Ademais, o Conselho Administrativo de Defesa Econômico
desempenhou a sua função ao acompanhar a realização de referido ato de
concentração impondo uma série de medidas a serem cumpridas na
salvaguarda da concorrência e que culminaram na aceitação da diretoria da
empresa AMBEV em assinar um Termo de Compromisso cuja observância é
obrigatória, com a obrigatoriedade do fornecimento de um relatório informativo
semestral pela empresa AMBEV para que o CADE possa acompanhar o
cumprimento e a execução de referido Termo de Compromisso.

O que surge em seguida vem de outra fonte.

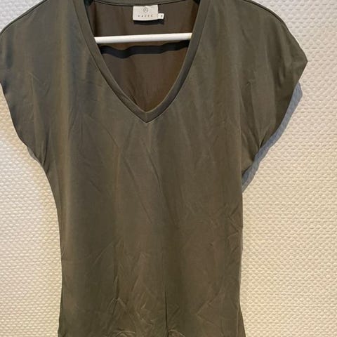 T-shirt top, Pause Café, natur-caramel, lidt skrå forkant, viscose/elasthane, str 46 (passer str 40-42). Måler 50 cm i brystvidde og 54 cm i længde. Kun brugt få gange, så meget velholdt. Har ikke været i tobaksrøg. Nypris 700 kr. Kan afhentes eller sendes med GLS, og Mobile Pay til mig. (Bruger ikke Fiks færdig modellen).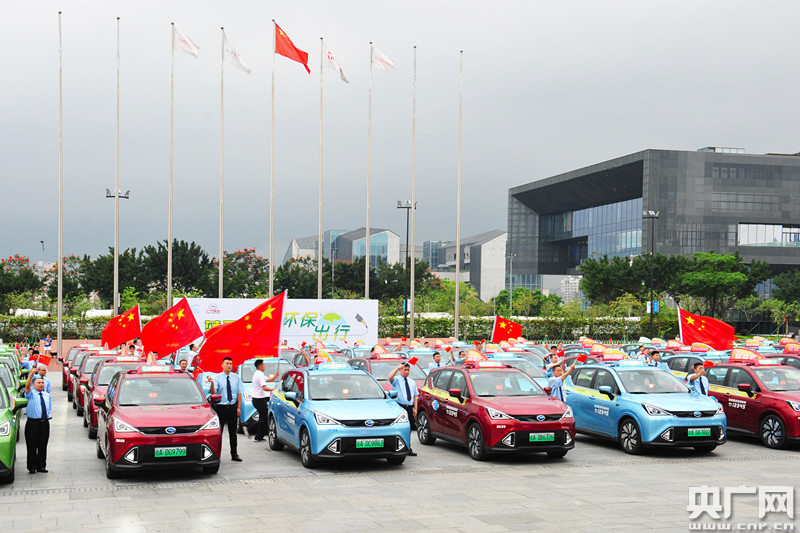 1500輛純電出租車現(xiàn)場(chǎng)出車投入營(yíng)運(yùn)。(央廣網(wǎng)發(fā) 主辦方供圖)
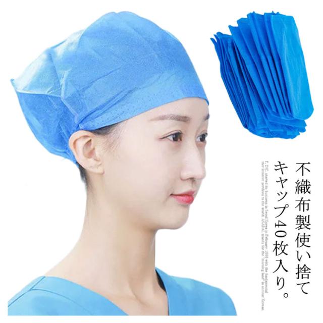 使い捨てキャップ 40枚入り 不織布キャップ 不織布帽子 使い捨て帽子 ディスポキャップ ヘアキャップ 毛髪落下防止 飛沫 粉塵 予防 防塵 防護キャップ ネットキャップ 衛生用品 通気性 男女兼用 作業用 業務用 介護 美容院 食品加工 工場見学 学校 飲食店 料理 研究 送料無料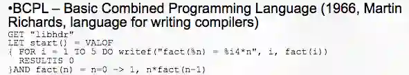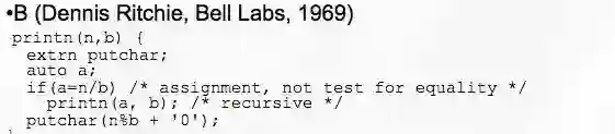 汤普森最终证明,在 PDP-7上使用的语言,是「具有大量 SMALGOL 语法的 BCPL 语义」 ,意思是它看起来像 SMALGOL,但工作起来也像 BCPL。而且,
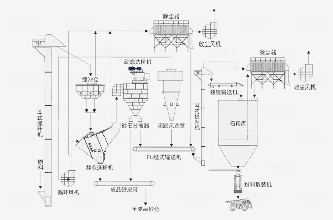 選粉機(jī):動(dòng)態(tài)選粉機(jī)調(diào)整物料級(jí)配,靜態(tài)選粉機(jī)打散物料使選粉更;

Este é um claro exemplo de atuação preventiva em que, antes da
caracterização de um ato de abuso de poder econômico, o poder público
interveio impondo regulações e limites por meio de um sistema de contrapesos
e medidas, com isso minorando antecipadamente os riscos do abuso no
exercício do poder econômico.
Nada impede, é claro, que na hipótese de verificar-se um ato
abusivo por parte da AMBEV, existam imposições e restrições mais severas ou
até punições que já são previstas em lei, dependendo da gravidade e extensão
da lesão verificada.
Por fim vale repetir a ponderação realizada anteriormente de que
a proteção da concorrência - como instrumento de colaboração inteligente para
o desenvolvimento do país - não se limita apenas em proibir toda fusão,
incorporação ou outra forma de concentração empresarial que possa existir já
que o aumento da concentração de mercado não fundamenta, por si só, os
motivos para desconstituir uma operação.
Não obstante insta frisar a importância de que toda operação que
represente potencialmente o risco da produção de efeitos anticoncorrenciais
deve necessariamente ser antecedida pela análise do órgão competente no
anseio de coibir e evitar o surgimento de todo e qualquer abuso de poder
econômico.
O poder econômico - fruto da detenção dos meios de produção -
é um dado estrutural normal e necessário aos mercados em geral. Sua
presença não pode mais ser considerada como uma anomalia assim como sua
função social não pode ser ignorada porquanto é ela quem determina a esfera
da legítima atuação dos agentes econômicos.
Todavia existe uma tendência do poder econômico em
concentrar-se cada vez mais nas mãos de poucos detentores, neste intento é
que surgem os abusos de poder econômico na tentativa de subjugar os demais
competidores e desestabilizar a estrutura mercadológica.
A partir do momento em que for verificado o exercício abusivo de
poder econômico torna-se imperiosa a ação da legislação penal para coibir,
reprimir e punir estas nocivas manifestações do poder econômico caso
contrário estimular-se-á o cometimento de novas - e maiores - práticas
abusivas, em prejuízo de toda a sociedade.